Your credit score is a number between 300 and 850.
The higher the number, the better your score. A
score of 720 or better is considered excellent.
There are three companies that provide the majority
of credit scores. And one of them, the Fair-Isaacs
Company, is the industry leader. In fact, it's
acronym (FICO) has come to mean 'credit score' to
many people.
Fair-Isaacs does not divulge exactly how they
calculate credit scores. But they do give an idea of
how it works. Five categories each contribute a
portion to the total score.
Having a long credit history without late payments
counts for 35% of the score. Lenders like loaning
money to people who have a pattern of meeting their
obligations. The best thing you can do for your
credit score is to make timely payments each month
and keep doing that month after month.
Lenders also like borrowers who haven't tapped every
source of money available to them. The ratio of how
much you owe compared to how much you could borrow
is worth 30%.
That's where Tony's question comes in. Is it wise to
ask your credit card company to lower your credit
limits? The answer depends on the situation.

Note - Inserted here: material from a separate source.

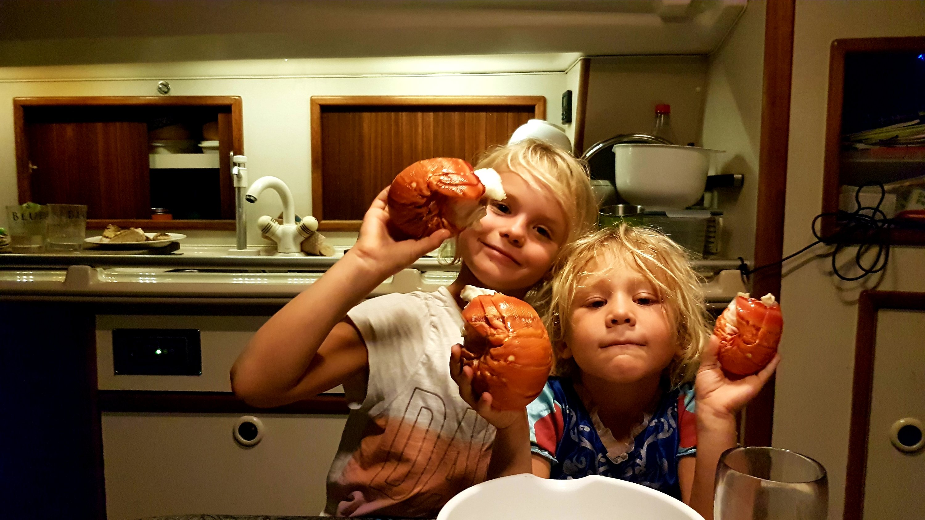 På nyårsafton lyxade vi på vårt egna vis och köpte varsin ordentligt tilltagen glass åt barnen. Barnen har en enorm support från vår fina vän Robban hemma, som med jämna mellanrum under de här två åren har skickat glasspengar åt dem. Lyckan över just den här glassen var speciell då det var årets sista dag och garanterat årets dyraste glass. Men att den var god gick inte att ta miste på. Kvällens lyxiga nyårsmeny bestod sedan av en extremt spontan kikärtsröra då köttfärsen till de hemmarullade köttbullarna visade sig vara rutten. Köttbullar på nyår kan ju tyckas lite tamt redan från början, men hummer har vi ätit så mycket det senaste halvåret så äkta köttbullar kändes som höjden av lyx för oss. Efter denna kulinariska upplevelse satt vi på fördäck och såg hur solen gick ner över lyxbåtarna i viken. Vi var mätta och nöjda och jag kom på mig med att tänka på våra vänner i Kuba, hur har ni det? Kom tomten till er som ni hoppats på? Får ni också sitta tillsammans och känna er trygga och nöjda ikväll? Som jag önskar att vi hade ett sätt att kontakta er på.

Your score will suffer if you already carry balances
that total 30% or more of the credit available to
you. So if Tony carries a hefty balance, reducing
the available credit will lower his ratio and hurt
his score.
So if he's anywhere near the limit he doesn't want
to change it. If he's not sure of his balance or the
credit limit, both will be on his account statement.
On the other hand, if he carries a small balance,
reducing the credit limit could improve his score.
That's because potential lenders know that he's
limited as to how much he could go out and charge.
He can also lower his credit used vs. credit
available ratio by reducing the amount he owes. One
of the quickest ways to improve your score is to pay
down credit card balances. If you're not sure of
which account to reduce first, start with the
accounts that are closest to their limits.
An additional 15% of your credit score is based on
how long your oldest account has been open and the
average age of all of your accounts. If you're
trying to decide whether to close an account, it
will depend on the account. Keep the oldest ones
open.
Newer accounts can be closed. In fact, reducing the
number of accounts and the amount of available
credit is good as long as you don't dramatically
increase the proportion of available credit that's
already being used.
You can have too many accounts. Try to limit
yourself to five accounts. If you have more, begin
closing the newer, less used accounts.
The amount of new credit you've recently received is
worth 10%. Adding a bunch of new accounts will
reduce your score. They leave the impression that
you're desperate for credit. Especially if you're in
your 20's with a relatively short credit history.
Regularly accepting new cards just because they're
available to you is a good way to reduce your score.
Inquiries about your credit can also affect this
section. Requests for "pre-approved" credit offers
do not count against you. Also, if you make more
than one application in a two-week period it only
counts once. That's useful if you're shopping for a
car loan or mortgage.
Be careful who sends in a query about your credit.
Applying for a new credit card once a month to test
the waters is a bad idea. Occasionally someone will
ask if they can check your credit. Like when you're
negotiating for a car. They'll make it sound
unimportant. But, it's not. Every time someone
checks your credit, your score takes a small hit.
That can add up over time.
Finally, the types of credit in use count for 10%.
Your score will improve if you've successfully paid
off a variety of lenders. Don't borrow just so you
can say that you've paid off a car loan. But, your
credit score will be higher if you take out an auto
loan rather than just add to your homeowners line of
credit.
Tony's smart to be concerned with his credit score.